Everything booted up and it works fine. This coming weekend I am going to connect up the charger along with the relay that will shut it off when I hit the max temp. I also hope to have enough of the 12v wiring done so I can drive the car.


----------



## Ampster (Oct 6, 2012)

It took me a lot longer to get the car running and I do have one problem with the Bluetooth communications. When I turn on my contactor for my AC motor the cell communications dies. I still get communication with the Emus but I loose total voltage and individual cell voltages. It seems to reliably report Amps. I am assuming it is EMI problems with my AC controller.

I looked on the Elektromotus website and they have new CAN bus modules that eliminate EMI problems. I am getting a quote on two of those modules since I have part of my pack in front and part of it in the rear.


----------



## Elegancec (May 23, 2012)

Hi,

Im just installing my Emus BMS but I have a difficulty:

If I look on the homepage I can find the text about the can cell modules. I have two of them. 
http://www.elektromotus.lt/wiki/index.php?title=BMS:_Installation_Manual_v2.x

But If I go further, I can find the following drawing:
http://www.elektromotus.lt/wiki/images/6/60/BMS_Wiring_Diagram.PNG

Here are cell modules typ a and b (I just have the golden ones with up and down for signals and no different types) and I do not have a bottom isolator.
So I guess I have to install the CAN pack and put the Can high and low to the controller from EMUS, but I have 4 possibilities: Cell RX- / + and Cell TX-/+

So can you please help me, where I should connect my two CAN modules to the control unit?

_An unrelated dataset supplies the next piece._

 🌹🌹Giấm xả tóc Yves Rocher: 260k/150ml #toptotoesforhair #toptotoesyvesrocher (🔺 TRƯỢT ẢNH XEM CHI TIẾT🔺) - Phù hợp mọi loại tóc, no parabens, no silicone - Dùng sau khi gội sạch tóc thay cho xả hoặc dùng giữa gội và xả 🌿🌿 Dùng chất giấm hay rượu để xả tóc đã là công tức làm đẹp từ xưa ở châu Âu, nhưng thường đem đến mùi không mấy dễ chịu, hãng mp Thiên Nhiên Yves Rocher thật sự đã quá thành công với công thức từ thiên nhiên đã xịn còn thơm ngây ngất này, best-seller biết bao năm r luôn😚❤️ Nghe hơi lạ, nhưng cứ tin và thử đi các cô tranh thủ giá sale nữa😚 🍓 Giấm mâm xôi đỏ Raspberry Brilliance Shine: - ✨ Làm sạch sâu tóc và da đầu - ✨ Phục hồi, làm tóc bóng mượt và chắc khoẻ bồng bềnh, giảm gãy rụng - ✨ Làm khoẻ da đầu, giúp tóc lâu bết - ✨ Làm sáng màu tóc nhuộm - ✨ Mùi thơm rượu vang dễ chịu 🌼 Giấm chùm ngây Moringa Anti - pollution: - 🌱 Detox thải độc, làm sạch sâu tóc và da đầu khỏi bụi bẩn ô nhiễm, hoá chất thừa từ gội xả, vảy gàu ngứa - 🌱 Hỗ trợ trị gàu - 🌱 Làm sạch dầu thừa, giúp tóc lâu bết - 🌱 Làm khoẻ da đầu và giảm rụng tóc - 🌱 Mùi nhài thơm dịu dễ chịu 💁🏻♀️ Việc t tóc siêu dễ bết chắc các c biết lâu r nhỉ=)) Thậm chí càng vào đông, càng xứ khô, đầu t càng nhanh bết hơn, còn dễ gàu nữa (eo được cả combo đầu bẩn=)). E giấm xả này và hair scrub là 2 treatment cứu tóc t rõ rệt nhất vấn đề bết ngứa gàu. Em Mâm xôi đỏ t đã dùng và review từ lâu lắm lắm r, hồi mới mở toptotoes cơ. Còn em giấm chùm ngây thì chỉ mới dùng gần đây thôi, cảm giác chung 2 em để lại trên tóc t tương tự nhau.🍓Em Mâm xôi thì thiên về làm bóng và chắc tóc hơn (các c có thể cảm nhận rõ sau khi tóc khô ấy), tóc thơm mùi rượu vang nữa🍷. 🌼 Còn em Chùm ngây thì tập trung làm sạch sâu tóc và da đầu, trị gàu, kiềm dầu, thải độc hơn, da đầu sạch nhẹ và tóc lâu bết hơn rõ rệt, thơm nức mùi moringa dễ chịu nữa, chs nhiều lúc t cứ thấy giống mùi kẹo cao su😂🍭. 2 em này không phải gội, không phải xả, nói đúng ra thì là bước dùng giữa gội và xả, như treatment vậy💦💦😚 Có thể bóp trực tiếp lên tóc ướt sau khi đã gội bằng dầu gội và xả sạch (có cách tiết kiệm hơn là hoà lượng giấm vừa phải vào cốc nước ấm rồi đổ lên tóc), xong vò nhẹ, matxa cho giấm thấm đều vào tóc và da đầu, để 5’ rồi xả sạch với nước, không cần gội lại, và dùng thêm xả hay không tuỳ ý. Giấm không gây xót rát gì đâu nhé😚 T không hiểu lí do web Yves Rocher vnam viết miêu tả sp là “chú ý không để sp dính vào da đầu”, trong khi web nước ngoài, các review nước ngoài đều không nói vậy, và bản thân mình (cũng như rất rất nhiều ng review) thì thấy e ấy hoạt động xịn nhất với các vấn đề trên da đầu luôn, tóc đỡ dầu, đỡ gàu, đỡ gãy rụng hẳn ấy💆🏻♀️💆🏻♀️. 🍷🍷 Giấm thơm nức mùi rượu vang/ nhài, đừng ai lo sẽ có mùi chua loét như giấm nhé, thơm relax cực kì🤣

Picture of EMUS controller:
http://www.electriccarinternational.com/media/img-prod/EMUS_BMS_Control_Unit.jpg

Picture of cell module:
http://faktor.de/batterie-managemen...re-bms/emus-bms/emus-bms-cell-unit-small.html


----------



## Diethelm (Nov 10, 2012)

Hi

You should definately get the TOP and BOTTOM isolators if you dont have them. Otherwise you might face the chance of damaging the control unit. 

Let me know once you confirmed that you do not have the isolators.


----------



## Elegancec (May 23, 2012)

Hello,

with the new CAN module, the isolators are already included in the CAN module.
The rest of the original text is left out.